The man lifts the gun, flips it over and back. “Looks real clean. Not shot much.”

“I don’t see any ring pounded on the back of the chamber,” Huddy says.

“Yeah, that’s right. Doesn’t have a lot of wear. I like to shoot Governments. I like the man-stoppers. You know? Uncle Sam started doing these Governments in 1912.”

Off a year, Huddy thinks. Gun buyers love to talk and he just lets them go.

The man glances at the ticket price dangling on the string. Flicks it with his finger. “I’m a big gun buyer. Buy lots of guns. You call me anytime you get a good one.”

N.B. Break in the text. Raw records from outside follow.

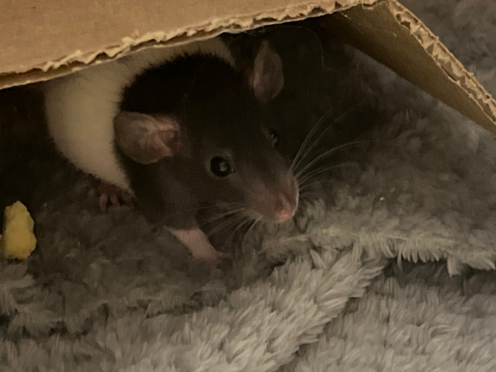A rat with a black and white coat is positioned under a cardboard box on a gray, plush, shag-like surface. The rat's head is brown, and its whiskers are visible. A small, yellow object is near the rat…read more
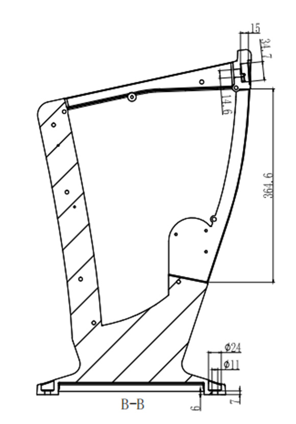 11.座、背外板采用優質夾板經模具壓彎成型。外型成弧型,美觀大方,具有曲線美。背外板尺寸:長度為740±2mm,寬度為495±2mm,厚度為15mm。座外板尺寸:長度為440±2mm,寬度為425±2mm,厚度為12mm。
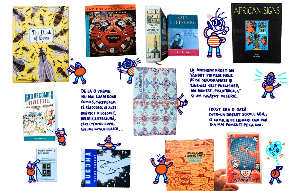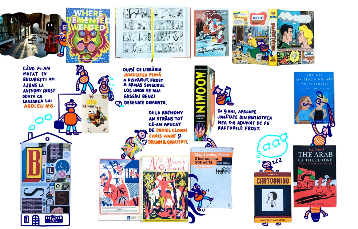 Când am aflat că „Anthony Frost” se închide, am simțit că pierd mai mult decât o librărie frumoasă, pentru că „Anthony Frost” era locul de la sine înțeles în care mergeam împreună cu soțul meu atunci când spuneam „hai să ieșim în oraș”. Suntem oamenii plăcerilor casnice greu de convins să plece de acasă. Drumul periodic la „Anthony Frost” ne oferea o ieșire din cotidian fără a depăși o zonă de confort autoimpusă: un spațiu cald și liniștit cu multe cărți pe pereți, așa cum e acasă. Nu avem pasiuni în comun; eu sunt fană Beyonce, el Prâslea, eu ascult This American Life, el Hardcore History, eu citesc Elena Ferrante, el despre Lenin, iar meseriile nu ni se întâlnesc nicicum. Nu m-am întrebat niciodată până acum de ce „Anthony Frost” ne unea într-o bucurie împărtășită cum alte librării n-o făceau. Cred că reprezenta, prin Vlad, echipa lui și oamenii care le călcau pragul, simbolul bunătății și al onestității, un idealism care ne unește profund dincolo de pasiuni. Până la următorul „Anthony Frost”, nu știu unde vom mai ieși în oraș. Probabil vom rămâne acasă.

Huddy only listening with his eyes now, the man setting the gun back down on the mat.

“Might buy this tomorrow. I’ll be in about the same time.”

“There might be somebody from yesterday saying the same thing.” The man smiles and leaves, and Huddy returns the gun to the case. He knows the pawnshop flies, like this guy Del waltzing in now who shows up twice a week, only buying if you’ve made a mistake. Because that was Huddy, before he worked here. He’d come for tools, but more than that, he liked the action, the treasure hunt. What’s in today, what’s behind door number three? And he liked the contest, your skills against theirs. “I gotta have a hundred and a half for this.” And the owner Mister Jenks one day said, “You make a good presentation. You need a job?” And Huddy did.